What not to do during a reading slump
Try to avoid turning the slump into a bigger problem than it needs to be.
Do not shame yourself for reading slowly. Do not choose books simply to impress other people. Do not buy a towering stack of new releases in the hope that one of them will magically fix everything.
A new book can certainly help, but sometimes the answer is already sitting unread on your shelf.
It is also worth resisting the urge to compare your reading pace with people online. You are seeing a curated snapshot of their reading life, not every abandoned novel, distracted evening or month spent reading absolutely nothing.
Your reading slump will not last forever
The quickest route out of a reading slump is usually less pressure, not more discipline.
Put down the book you dislike. Pick up something short, comforting or completely different.
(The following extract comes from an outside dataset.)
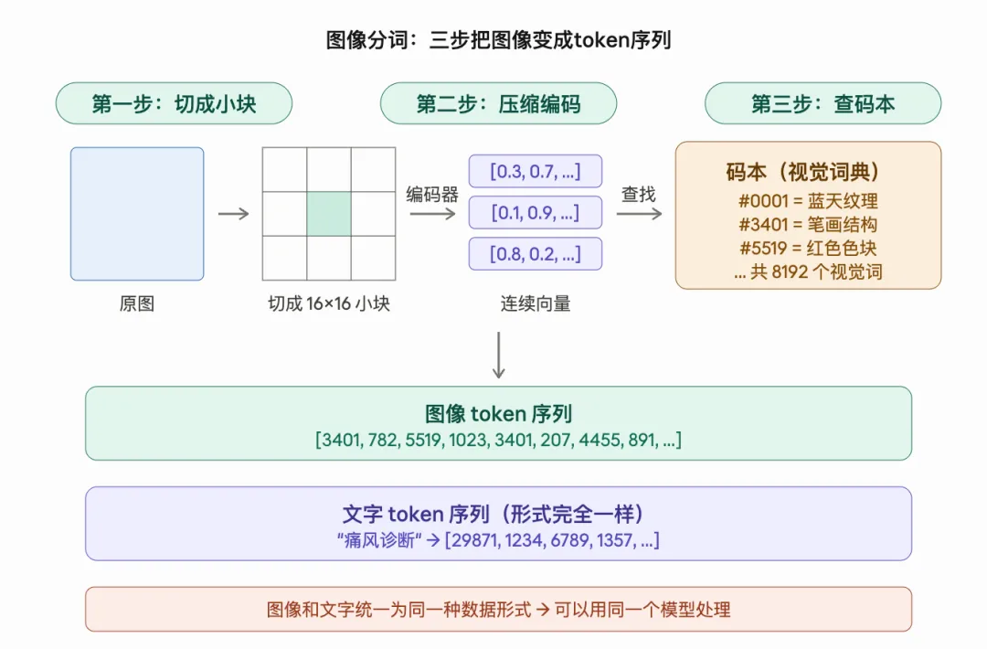 上一部分解决了一个前提问题:通过图像分词器,图像可以变成一串有空间顺序的token序列。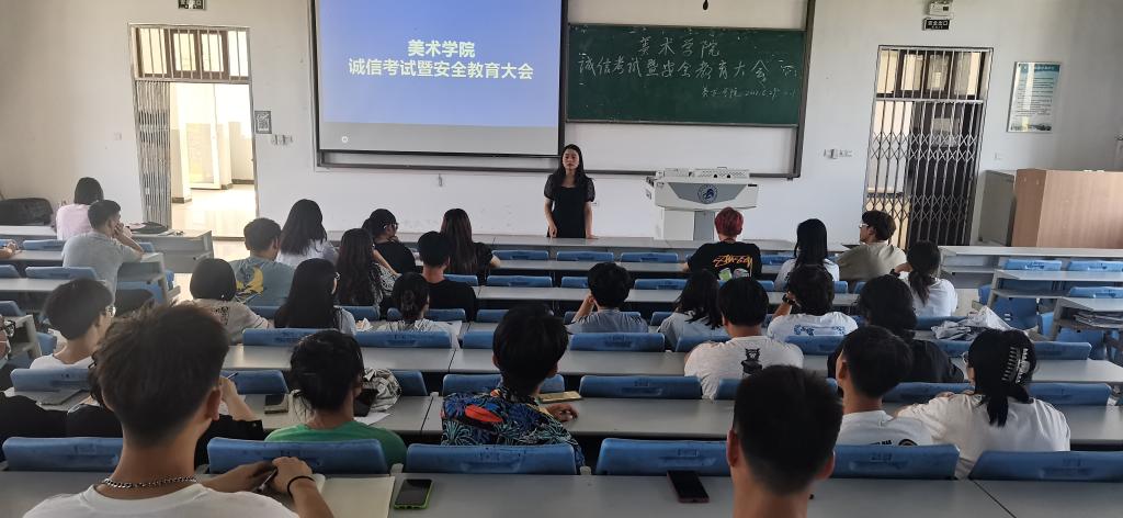 为了严肃考风考纪,加强学风建设,培养学生养成良好的安全意识。6月29日上午9点,美术学院于博文楼B3阶梯教室召开诚信考试暨安全教育大会,美术学院党委副书记(主持工作)文竹、美术学院党委副书记于跃、辅导员、学生干部代表参加了此次会议。

Try an audiobook, revisit an old favourite or take a proper break without guilt.
You do not need to prove that you are a “real reader”. Books will still be there when you are ready, waiting patiently and being far less judgemental than your neglected yearly reading tracker.
Choose one small, enjoyable step today. Even a single chapter can be the start of finding your way back.
FAQs
How long does a reading slump last?
A reading slump can last a few days, several weeks or longer. There is no normal timeline. Taking the pressure off and changing your reading habits often helps more than trying to force your way through it.
Is it normal to go through a reading slump?
Yes. Even enthusiastic lifelong readers sometimes lose interest or struggle to concentrate. Reading habits can change because of stress, tiredness, routines, disappointing books or simply shifting interests.
Should I take a break from reading?
A break can be helpful, particularly when reading feels like an obligation. Spend time on other hobbies and return when you feel curious rather than guilty.
Do audiobooks count as reading?
Yes. Audiobooks allow you to engage with the same story, ideas and language in a different format. They can be particularly useful when you are tired, busy or finding it difficult to focus on printed text.
Should I buy new books to escape a reading slump?
Not necessarily. A new book may spark your interest, but rereading a favourite or exploring books you already own can work just as well. Try sampling several options before spending more money.